Каролина замахала руками и забегала по комнате, как бы боясь, чтобы ее насильно не раздели.
— Я мою его кисти, палитры и тряпки, я пачкаю свои платья о его картины, я хожу на уроки, чтобы прокормить его, я шью для него костюмы, я выношу запах конопляного масла, стою по целым дням на натуре, всё делаю, но… голой? голой? — не могу!!!
— Я разведусь с тобой, рыжеволосая гарпигия!* — крикнул Бутронца.
— Куда же мне деваться? — ахнула Каролина. — Дай мне денег, чтобы я могла доехать до Берлина, откуда ты увез меня, тогда и разводись!
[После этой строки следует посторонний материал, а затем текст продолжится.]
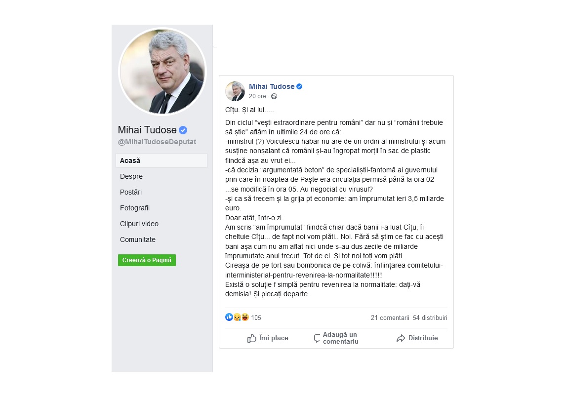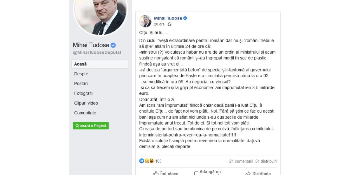 ”Din ciclul «vești extraordinare pentru români» dar nu și «românii trebuie să știe» aflăm în ultimile 24 de ore că: ministrul (?) Voiculescu habar nu are de un ordin al ministrului și acum susține nonșalant că românii și-au îngropat morții în sac de plastic fiindcă așa au vrut ei... Că decizia «argumentată beton» de specialiștii-fantomă ai guvernului prin care în noaptea de Paște era circulația permisă până la ora 02... se modifică în ora 05. Au negociat cu virusul? Și ca să trecem și la grija pentru economie: am împrumutat ieri 3,5 miliarde euro. Doar atât, într-o zi. Am scris «am împrumutat» fiindcă chiar dacă banii i-a luat Cîțu, îi cheltuie Cîțu... de fapt noi vom plăti... Noi. Fără să știm ce fac cu acești bani așa cum nu am aflat nici unde s-au dus zecile de miliarde împrumutate anul trecut. Tot de ei. Și tot noi toți vom plăti. Cireașa de pe tort sau bombonica de pe colivă: înființarea comitetului-interministerial-pentru-revenirea-la-normalitate!!!!! Există o soluție foarte simplă pentru revenirea la normalitate: dați-vă demisia! Și plecați departe”, a scris Tudose pe Facebook.

— Хорошо! Кончу Сусанну и отправлю тебя в твою Пруссию, страну тараканов, испорченных колбас и трихины! — крикнул Бутронца, незаметно для самого себя толкая локтем в грудь Зинзагу. — Ты не можешь быть моей женой, если не можешь жертвовать собою для искусства! Ввввв… Ррр… Диабло!
Каролина зарыдала, ухватилась за голову и опустилась на стул.
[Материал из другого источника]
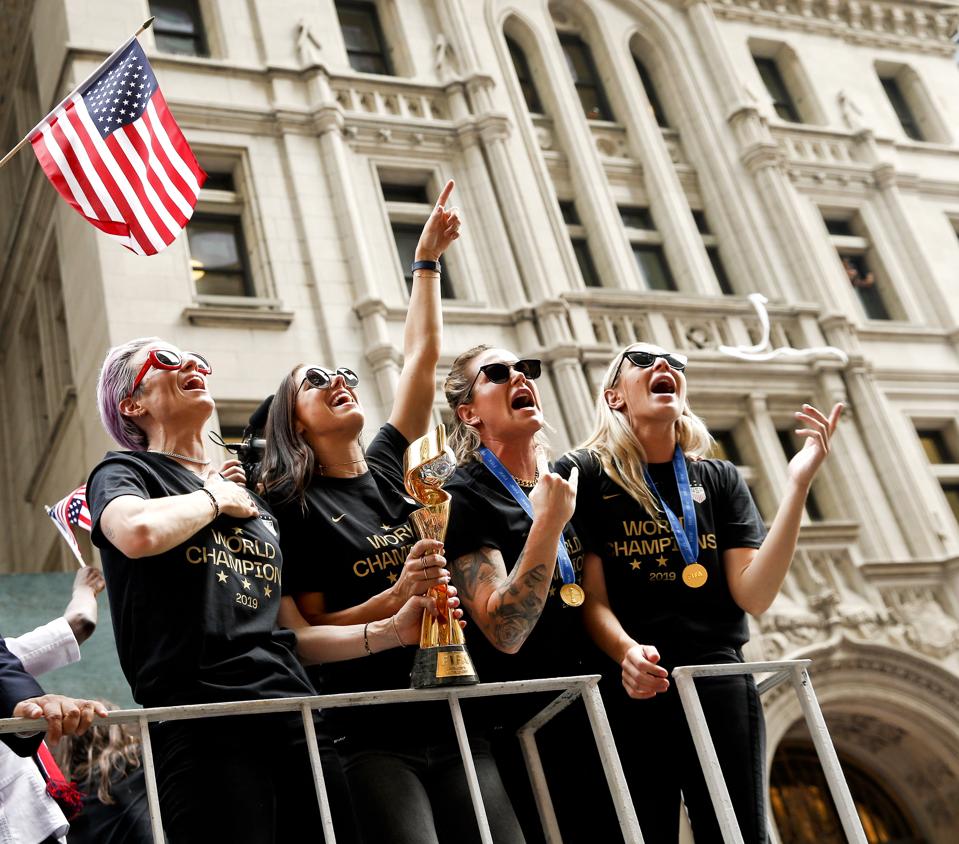 The official celebration took place Wednesday, with a ticker-tape parade in lower Manhattan and a presentation at New York’s City Hall. Here team members Megan Rapinoe, Alex Morgan, Ashlyn Harris and Allie Long enjoy the crowd.

— Что ты делаешь? — заорал Бутронца. — Ты села на мою палитру!!
Каролина поднялась. Под ней действительно была палитра со свежеразведенными красками… О, боги! Зачем я не художник? Будь я художником, я дал бы Португалии великую картину! Зинзага махнул рукой и выскочил из 148 номера, радуясь, что он не художник, и скорбя всем сердцем, что он романист, которому не удалось пообедать у художника.
У дверей 147 номера его встретила бледная, встревоженная, дрожащая жилица 113 номера, жена будущего артиста королевских театров, Петра Петрученца-Петрурио.
— Что с вами? — спросил ее Зинзага.
— Ах, дон Зинзага! У нас несчастье! Что мне делать? Мой Петр ушибся!
— Как ушибся?
— Учился падать и ударился виском о сундук.
— Несчастный!
— Он умирает! Что мне делать?
— К доктору, донна!
— Но он не хочет доктора! Он не верит в медицину и к тому же… он всем докторам должен.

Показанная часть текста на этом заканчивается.